Yuan Zhou

Work place: Department of IMSE, The University of Texas at Arlington, TX, USA

E-mail: yuan.zhou@uta.edu

Website:

Research Interests: Engineering

Biography

Yuan Zhou is an Assistant Professor of Industrial, Manufacturing, & Systems Engineering at UT-Arlington, specializing in complex adaptive system modeling, agent-based and discrete-event simulation, performance measurement and process improvement. She received a B.S. Degree in Mechanical and Electrical Engineering from Beijing Institute of Technology, Beijing, China in 2004, and a Ph.D. Degree in Industrial and Systems Engineering from University at Buffalo, The State University of New York, Buffalo, New York. Her research has been sponsored by the National Science Foundation (NSF), Agency for Health Research and Quality (AHRQ), and City of Arlington. Dr. Zhou is a member of the Institute of Industrial and Systems Engineering (IISE) and the Institute for Operations Research and Management Sciences (INFORMS).  She is currently the Vice President of DFW IISE professional chapter.

Author Articles
Wart Treatment Decision Support Using Support Vector Machine

By Md. Mamunur Rahman Yuan Zhou Shouyi Wang Jamie Rogers

DOI: https://doi.org/10.5815/ijisa.2020.01.01, Pub. Date: 8 Feb. 2020

Warts are noncancerous benign tumors caused by the Human Papilloma Virus (HPV). The success rates of cryotherapy and immunotherapy, two common treatment methods for cutaneous warts, are 44% and 72%, respectively. The treatment methods, therefore, fail to cure a significant percentage of the patients.

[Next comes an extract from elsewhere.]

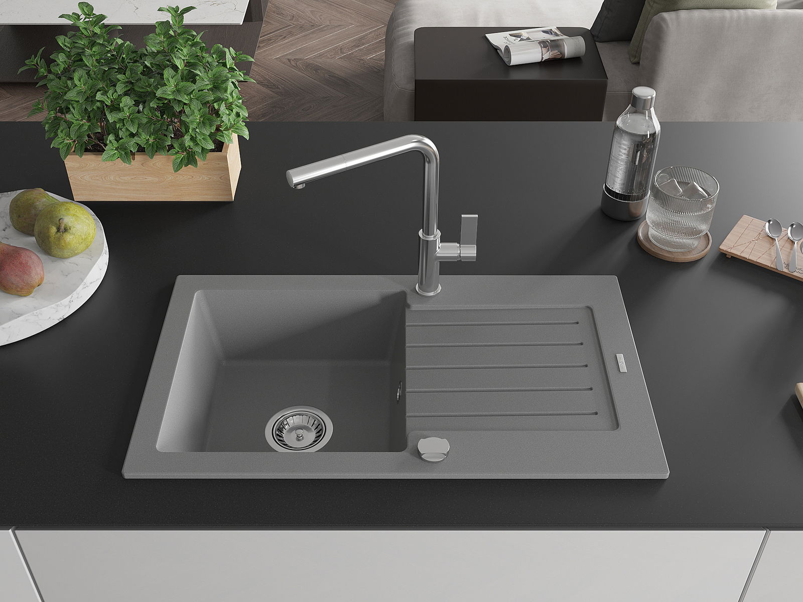 Dřez byl vyroben z vysoce kvalitního granitu. Představuje elegantní a především praktický doplněk každé kuchyně, bez ohledu na její styl. Vysoká kvalita a trvanlivost granitu zajišťují dlouholeté používání.

This study aims to develop a reliable machine learning model to accurately predict the success of immunotherapy and cryotherapy for individual patients based on their demographic and clinical characteristics. We employed support vector machine (SVM) classifier utilizing a dataset of 180 patients who were suffering from various types of warts and received treatment either by immunotherapy or cryotherapy. To balance the minority class, we utilized three different oversampling methods- synthetic minority oversampling technique (SMOTE), borderline-SMOTE, and adaptive synthetic (ADASYN) sampling. F-score along with sequential backward selection (SBS) algorithm were utilized to extract the best set of features. For the immunotherapy treatment method, SVM with radial basis function (RBF) kernel obtained an overall classification accuracy of 94.6% (sensitivity = 96.0%, specificity = 89.5%), and for the cryotherapy treatment method, SVM with polynomial kernel obtained an overall classification accuracy of 95.9% (sensitivity = 94.3%, specificity = 97.4%). The obtained results are competitive and comparable with the congeneric research works available in the literature, especially for the immunotherapy treatment method, we obtained 4.6% higher accuracy compared to the existing works. The developed methodology could potentially assist the dermatologists as a decision support tool by predicting the success of every unique patient before starting the treatment process.